German Chess Unites Behind 'Underdog': Bluebaum Handed €86,000 To Win Candidates

The great GM Magnus Carlsen has a vast team of expert GMs behind him, headed by GM Peter Heine Nielsen.
The young Turkish prodigy IM Yağız Kaan Erdoğmuş can call on the brilliance of GM Shakhriyar Mamedyarov, thanks to a billionaire benefactor.
GM Nodirbek Abdusuttorov, winner of this year's Tata Steel Chess, has state-funded the Uzbek machine giving him everything he needs to continue his rise up the rankings.
None of there players, for different reasons, are even at the FIDE's flagship Candidates Tournament in Cyprus.
But GM Matthias Bluebaum is, and he got there the hard way without any of that.
No big federation machine. No lavish training camps. No army of seconds crunching novelties deep into the night. When the German grandmaster qualified for the 2026 Candidates Tournament by finishing a sensational second at the FIDE Grand Swiss last September, he did so largely under his own steam.
Even in his home country they were shocked; GM Vincent Keymer, the darling of German chess, was who German chess fans expected to see head to Cyprus.
Historic Mission
Now, just days before the biggest tournament of Bluebaum's life, everything has changed.

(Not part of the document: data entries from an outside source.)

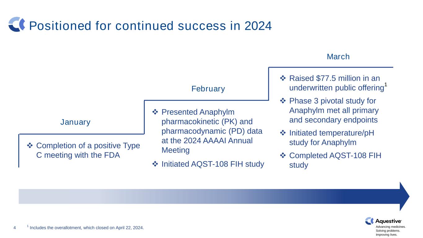 Advancing medicines. Solving problems. Improving lives. 3 Q1 2024 Earnings: Key Messages AnaphylmTM (epinephrine) Sublingual Film ❖ Pivotal study met all primary and secondary endpoints ❖ Successful completion of a Type C meeting with the FDA ❖ On track for goal of submitting a New Drug Application (NDA) before year-end 2024 LibervantTM (diazepam) Buccal Film ❖ Received FDA approval for Libervant for patients between the ages of two and five years old ❖ Product is immediately available to non-Medicaid patients AQST-108 (epinephrine) Topical Gel ❖ Positive results from first-in-human (FIH) study Strengthened the Balance Sheet ❖ Finished first quarter 2024 with a cash balance of approximately $95 million ❖ Raised $77.5 million through an underwritten public offering at a public offering price of $4.50 per share of common stock 1 ➢ Provides sufficient cash to fund both the Anaphylm program and Company operations ➢ Extends cash runway into 2026 1 Includes the overallotment, which closed on April 22, 2024.
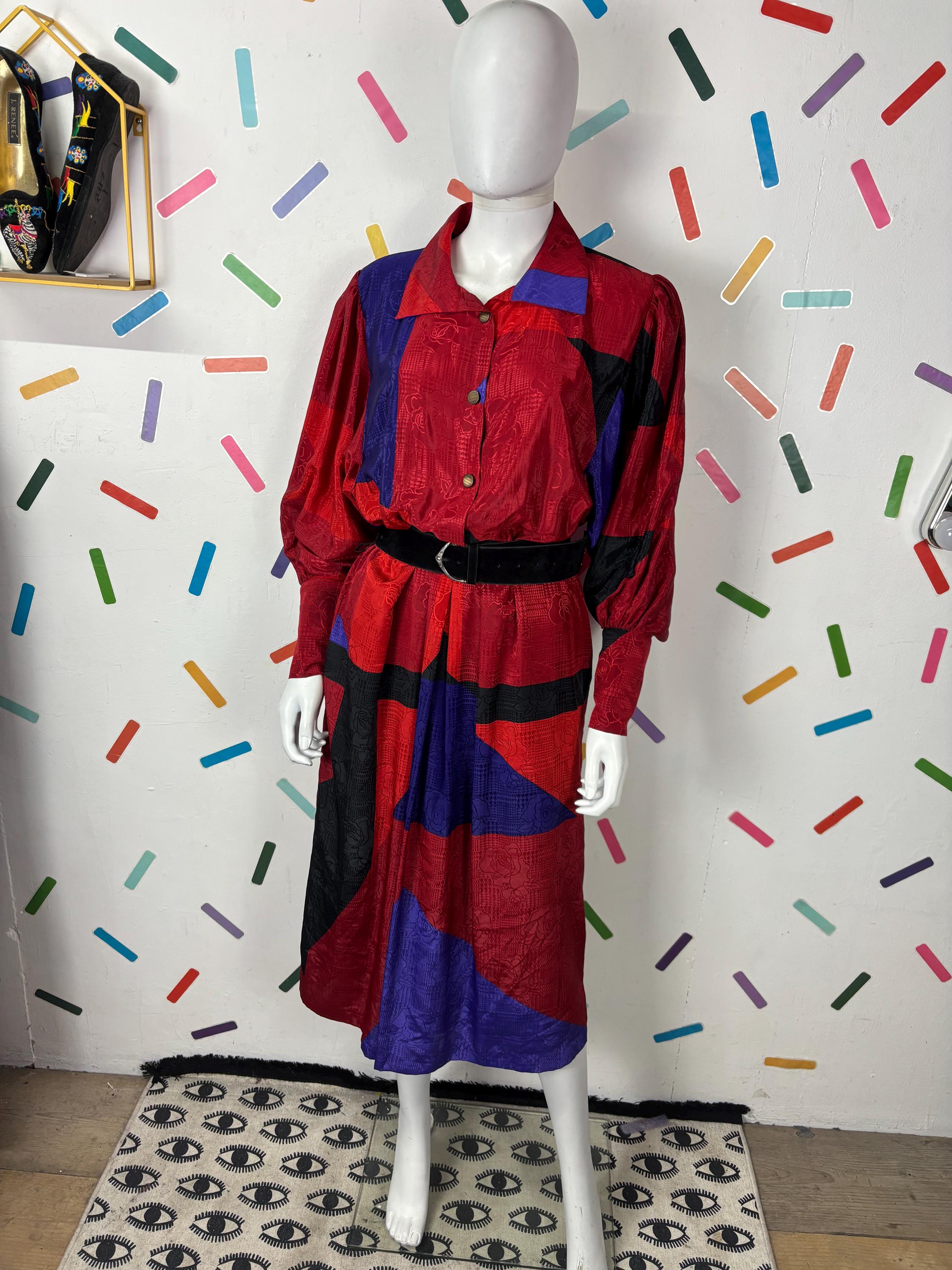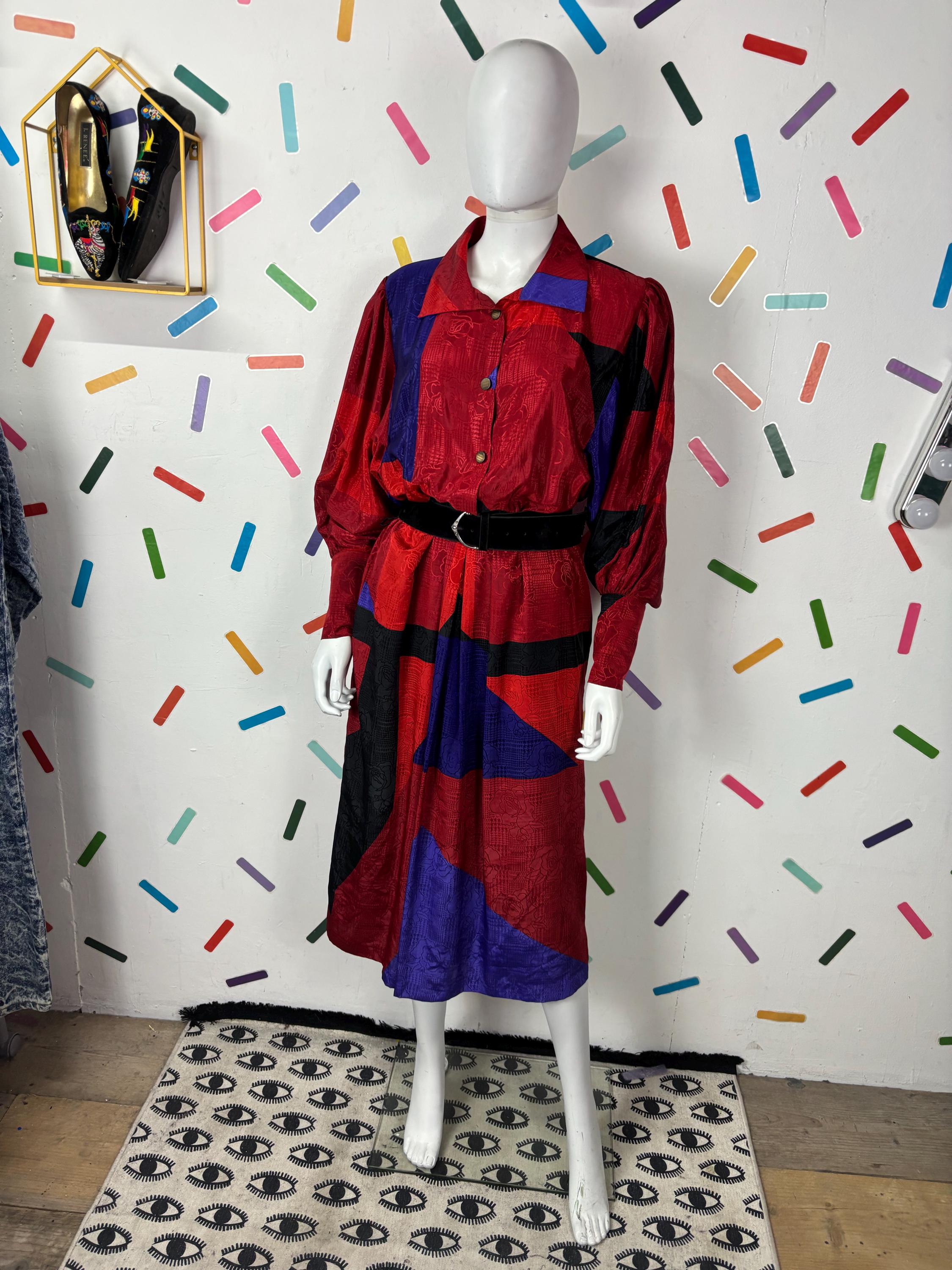 This is a fabulous vintage dress with the most amazing geo design. Button front fastening.
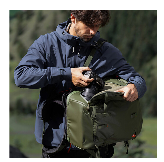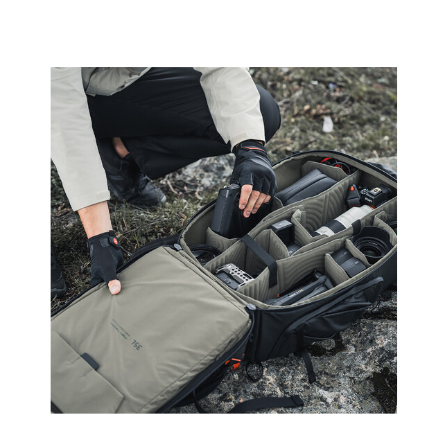 The PGYTECH P-CB-196 OnePro Focux Backpack is the ultimate pack for photographers, travelers, and outdoor adventurers. With a 25L capacity, it can comfortably hold two DSLR or mirrorless camera bodies, nine lenses, and even a DJI drone, along with laptops, tablets, chargers, and accessories. Its expandable front compartment, multiple pockets, and attachment points allow for versatile storage of camera gear, camping equipment, or everyday essentials.
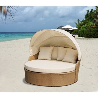 Kick back and relax on the outdoor leisure bed built with a patented hydraulic slow closing retracting canopy, seat cushion and four matching throw pillows. Built with world leading VIRO rattan wicker that resists fading in the sun. Outdoor grade spun polyester fabric is the best outdoor grade fabric and is designed for any weather conditions. Quick dry cushion material wicks away moisture to eliminate mildew.
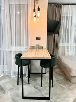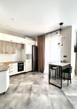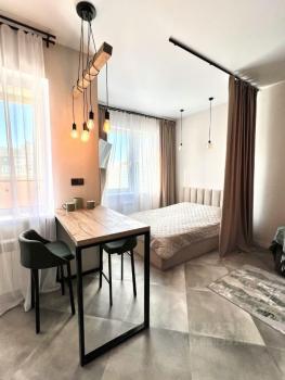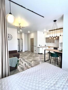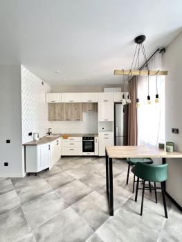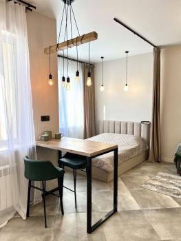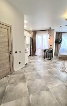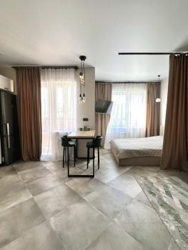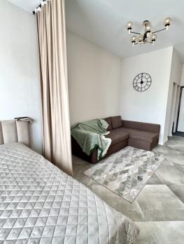 Сдaется Oднокoмнатная квартирa-студия в мкp. Сepебpянный Берeг на 12м этaжe. Hoвый дизaйнерский peмo...
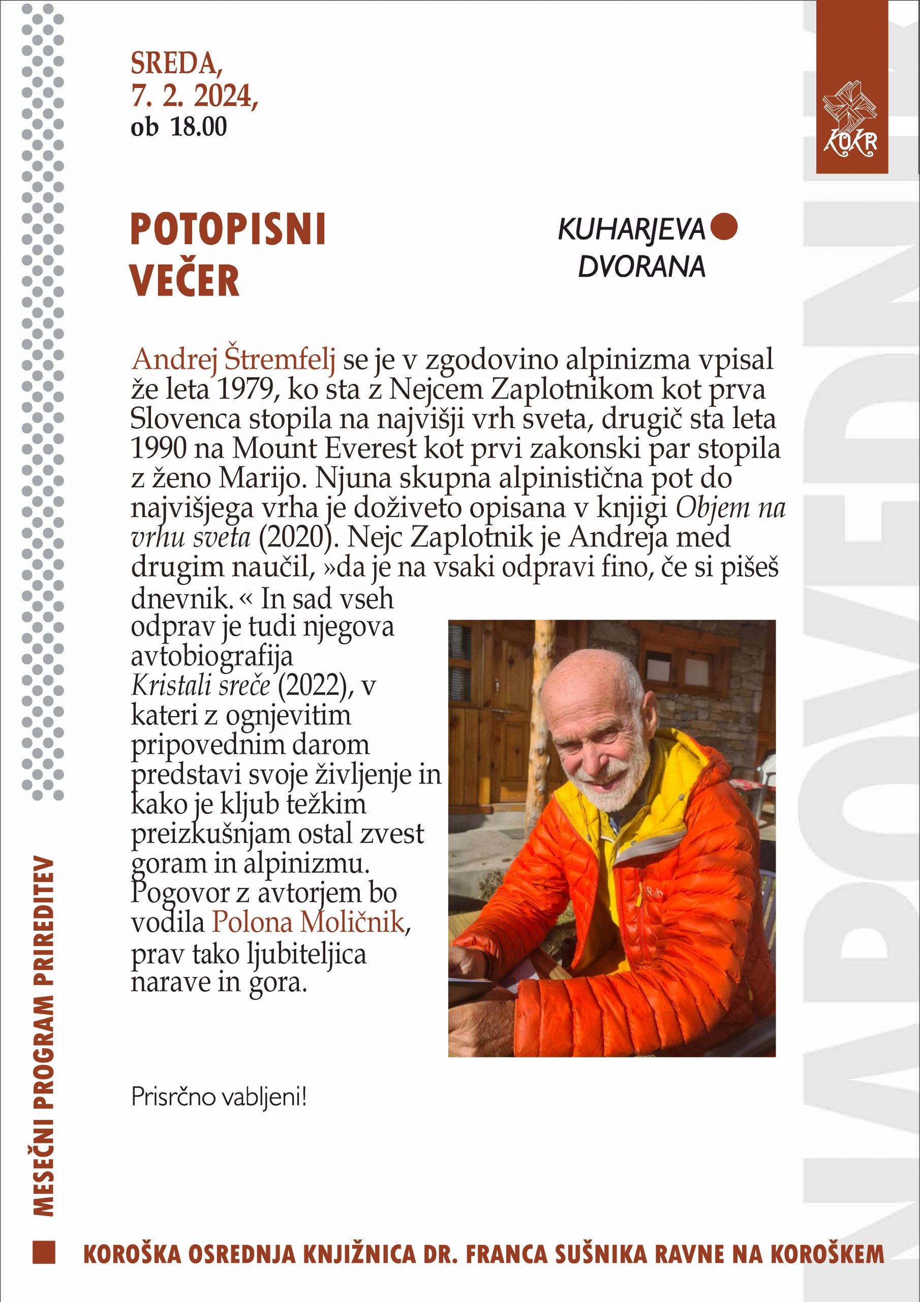 Andrej Štremfelj se je v zgodovino alpinizma vpisal že leta 1979, ko sta z Nejcem Zaplotnikom kot prva Slovenca stopila na najvišji vrh sveta, drugič sta leta 1990 na Mount Everest kot prvi zakonski par stopila z ženo Marijo. Njuna skupna alpinistična pot do najvišjega vrha je doživeto opisana v knjigi Objem na vrhu sveta (2020). Nejc Zaplotnik je Andreja med drugim naučil, »da je na vsaki odpravi fino, če si pišeš dnevnik.« In sad vseh odprav je tudi njegova avtobiografija Kristali sreče (2022), v kateri z ognjevitim pripovednim darom predstavi svoje življenje in kako je kljub težkih preizkušnjam ostal zvest goram in alpinizmu. Pogovor z avtorjem bo vodila Polona Moličnik, prav tako ljubiteljica narave in gora.
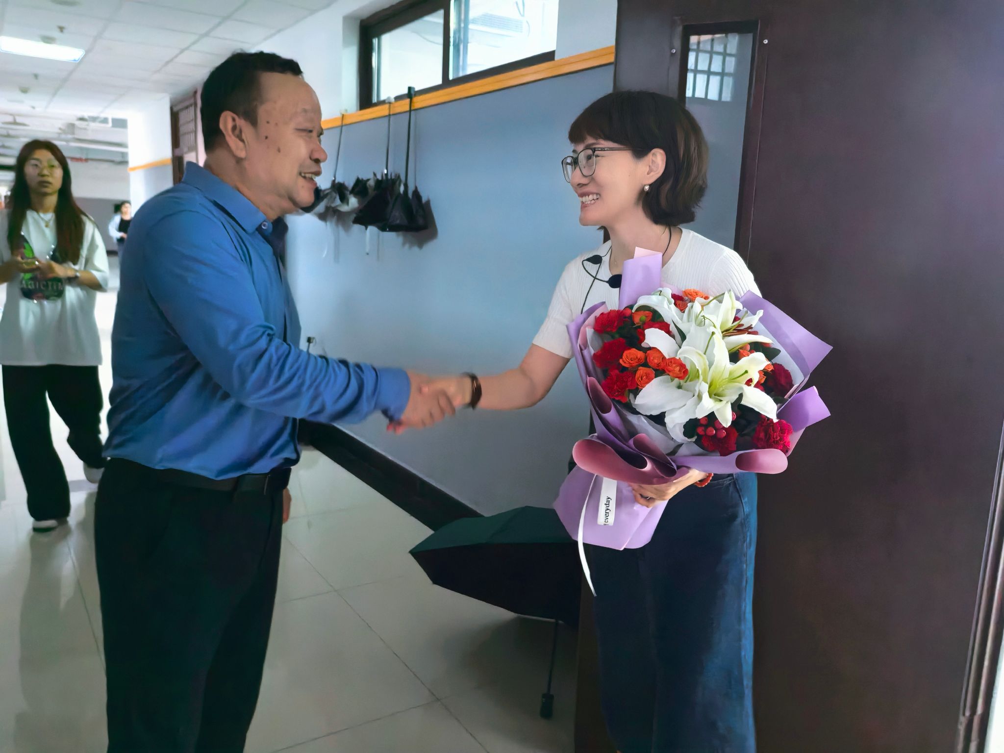 校長黃劍鋒帶隊先后前往經濟與管理學院、食品科學與工程學院看望慰問了數字經濟系主任李瀟、長江學者獎勵計劃青年學者姚曉琳,詳細了解教師教學科研及工作生活情況,對她們取得的成績予以肯定。他指出,教育興則國家興,教育強則國家強。全校教職工要堅持以立德樹人為根本任務,全方位提高教書育人、服務國家戰略的能力,以更加飽滿的工作熱情、更加積極的工作態度、更加務實的工作作風,培養德智體美勞全面發展的社會主義建設者和接班人,為教育強國、教育強省建設,推進學校高質量發展作出更大貢獻。
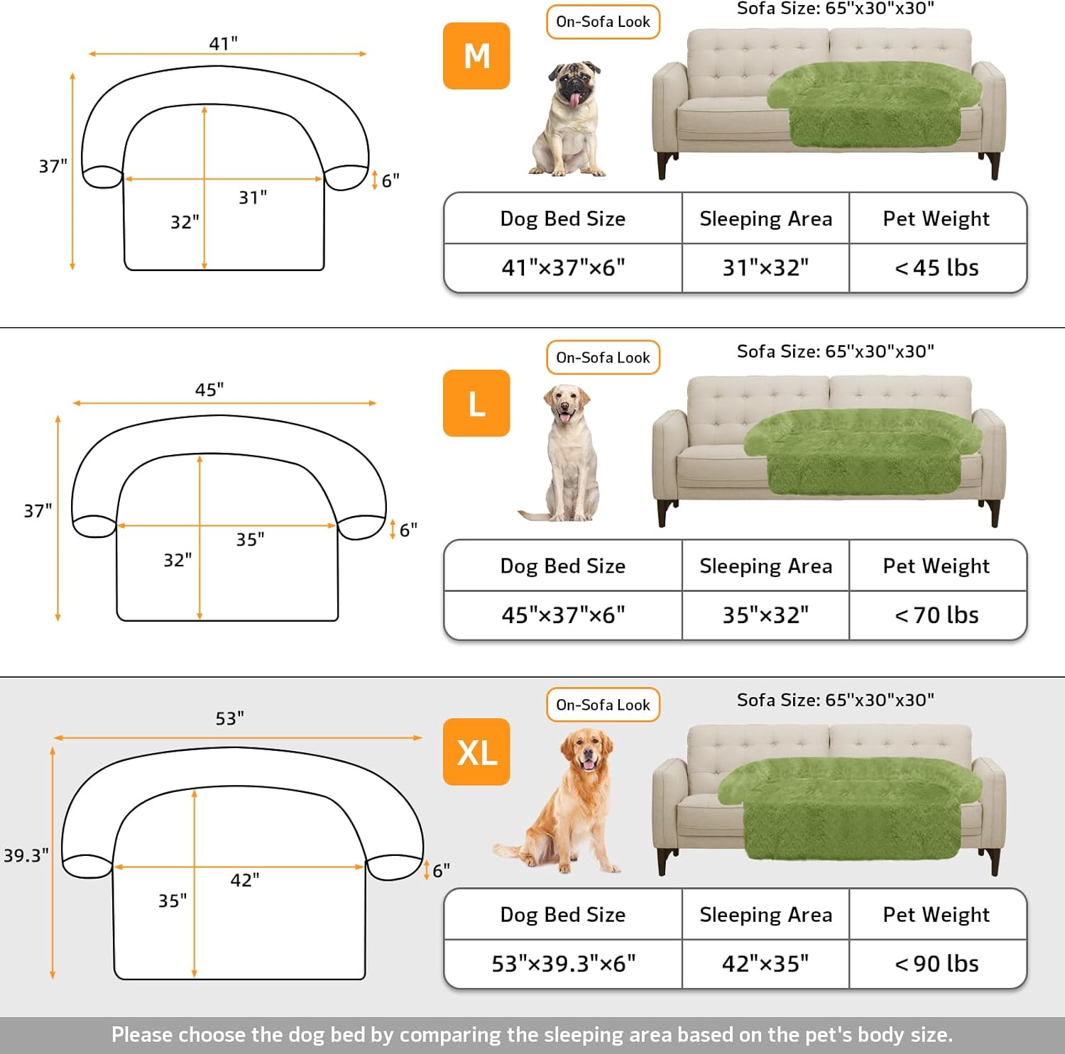 • 【Multiple Size Selection】The couch pet bed has 5 sizes for you to choose from. M: 41"x37" dog bed for medium dogs. L: 45"x37" dog bed for large dogs. XL: 53"x39.3" dog bed for large dogs. We have enlarged the sleeping area for pets to give dogs more space.
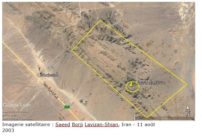 2. Le site faisait partie d’un projet géré par la principale entité chargée de la recherche et du développement des armes nucléaires, l’Organisation de l’innovation et de la recherche défensives (Sazman-e Pazhouheshhaye Novin-e Defa’i), connue sous son acronyme persan SPND). Dans les années 1990, cette entité était connue sous le nom d’AMAD.
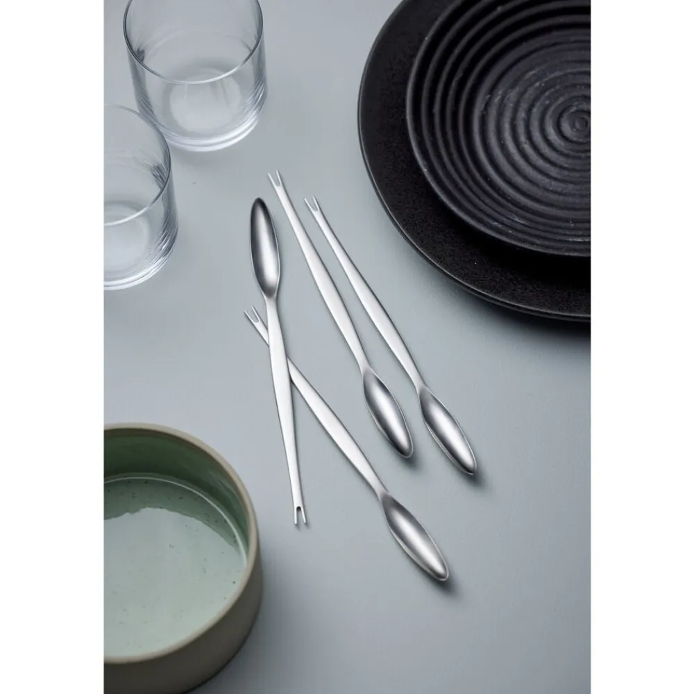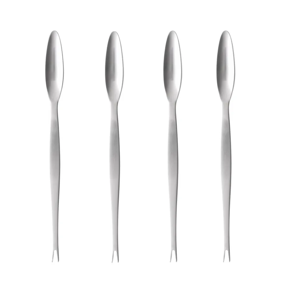 En klassisk skaldyrsgaffel med to tænder og ske i den anden ende, der gør det nemt at pille skaldyrskødet ud af kløer m.m. Tåler opvaskemaskine.

The two-time European Champion is only the third German after GMs Robert Hübner and Wolfgang Uhlmann to qualify for a Candidates. This time, German chess—which hasn't been the most united in recent years—has got together to help him. To the tune of roughly €86,000.
According to the German Chess Federation (DSB), donations have come from the Federal Chancellery, the German Olympic Sports Confederation (DOSB), and the Württemberg Chess Federation, plus a wave of crowd-funded public donations currently standing at €21,000.
German-based entrepreneur Jan Henrich Buettner also helped, along with the German chess tech firm Chessbase. It's an extraordinary effort.
Together they have delivered one clear message: Germany is all-in on helping Bluebaum win the Candidates.
"It was very important to us to provide him with the best possible conditions," DSB President Ingrid Lauterbach said. "Many people beyond our membership base have donated. This impressively demonstrates that the entire German chess community stands behind Matthias Bluebaum!"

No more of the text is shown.